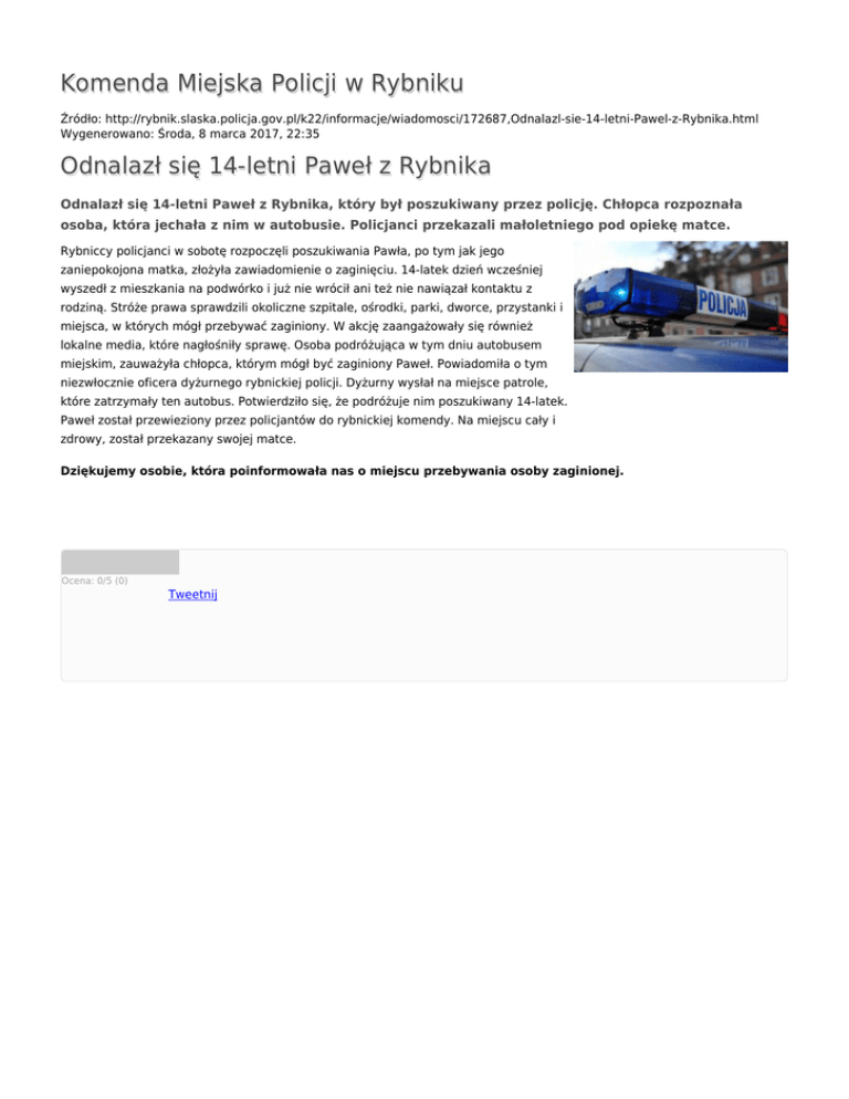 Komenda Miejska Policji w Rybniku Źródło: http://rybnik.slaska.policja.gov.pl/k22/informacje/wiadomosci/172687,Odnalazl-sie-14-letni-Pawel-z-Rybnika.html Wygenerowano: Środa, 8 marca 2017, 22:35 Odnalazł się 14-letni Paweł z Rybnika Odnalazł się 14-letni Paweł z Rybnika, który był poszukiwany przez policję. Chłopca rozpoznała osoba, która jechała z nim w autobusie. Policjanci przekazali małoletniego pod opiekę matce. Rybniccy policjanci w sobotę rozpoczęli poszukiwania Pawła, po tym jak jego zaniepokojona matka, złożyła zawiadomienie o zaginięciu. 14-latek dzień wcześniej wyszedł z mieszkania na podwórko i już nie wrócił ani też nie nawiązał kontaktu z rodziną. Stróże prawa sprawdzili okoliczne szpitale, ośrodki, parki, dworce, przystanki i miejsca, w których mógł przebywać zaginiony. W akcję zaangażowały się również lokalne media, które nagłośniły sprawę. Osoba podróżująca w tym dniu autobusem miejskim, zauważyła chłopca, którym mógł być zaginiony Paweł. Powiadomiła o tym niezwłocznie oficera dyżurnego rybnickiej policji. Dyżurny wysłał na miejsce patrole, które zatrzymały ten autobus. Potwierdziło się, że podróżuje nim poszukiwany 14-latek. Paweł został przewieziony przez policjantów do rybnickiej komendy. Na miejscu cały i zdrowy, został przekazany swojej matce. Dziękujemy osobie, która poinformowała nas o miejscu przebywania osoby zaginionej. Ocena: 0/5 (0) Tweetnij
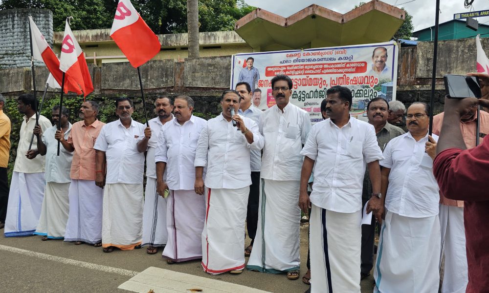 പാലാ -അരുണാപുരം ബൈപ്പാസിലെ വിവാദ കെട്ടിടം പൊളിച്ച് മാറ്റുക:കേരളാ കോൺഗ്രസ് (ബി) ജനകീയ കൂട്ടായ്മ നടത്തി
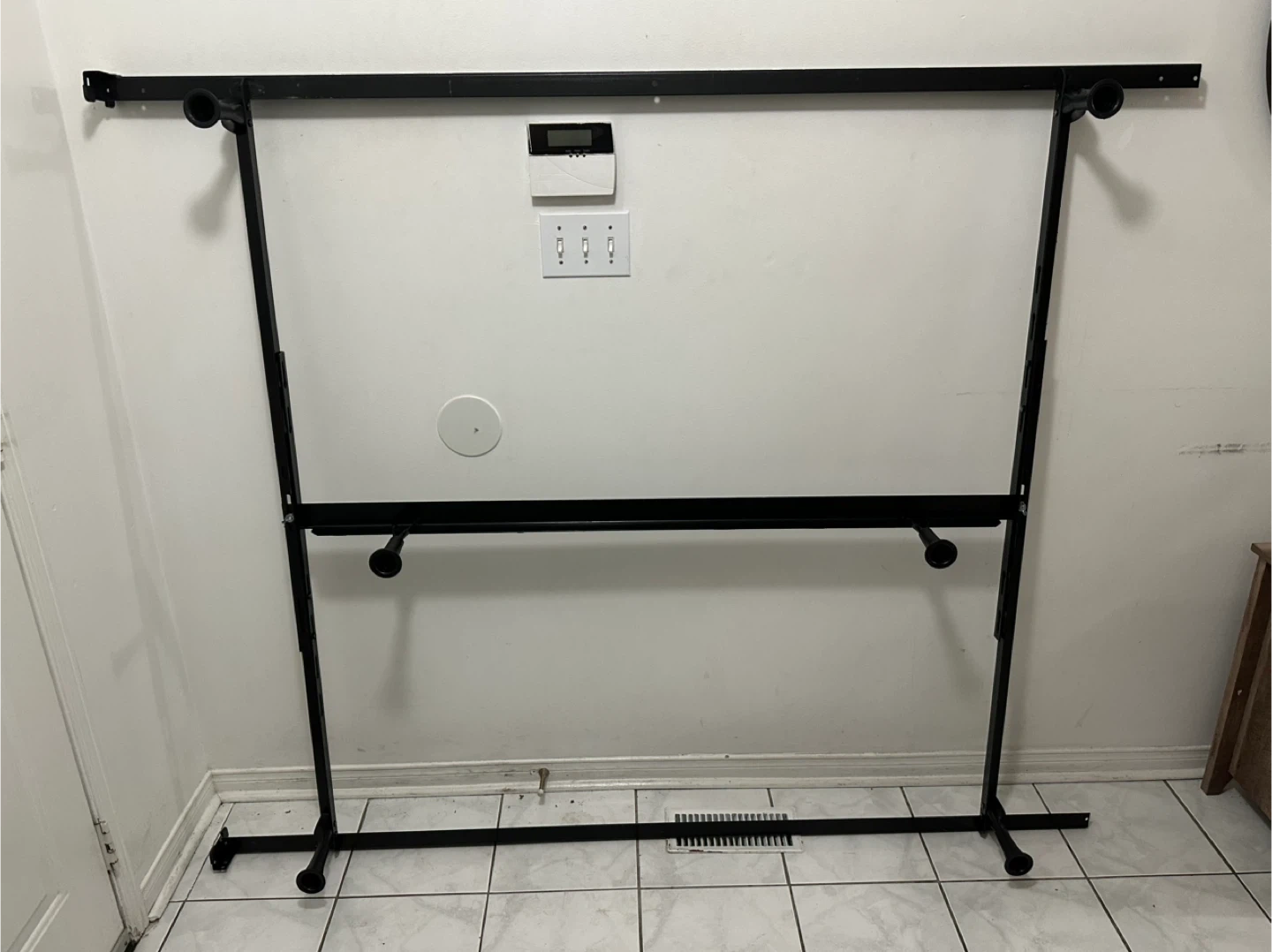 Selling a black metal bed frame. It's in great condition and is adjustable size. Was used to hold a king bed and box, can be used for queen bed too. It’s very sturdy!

▸ **Your objective**: From the line that contains "പാലാ -അരുണാപുരം ബൈപ്പാസിലെ" through the last line of the listing, copy each line exactly; both end lines stay in, and pictures stay out.

▸ **Result of this exercise**:
 പാലാ -അരുണാപുരം ബൈപ്പാസിലെ വിവാദ കെട്ടിടം പൊളിച്ച് മാറ്റുക:കേരളാ കോൺഗ്രസ് (ബി) ജനകീയ കൂട്ടായ്മ നടത്തി
 Selling a black metal bed frame. It's in great condition and is adjustable size. Was used to hold a king bed and box, can be used for queen bed too. It’s very sturdy!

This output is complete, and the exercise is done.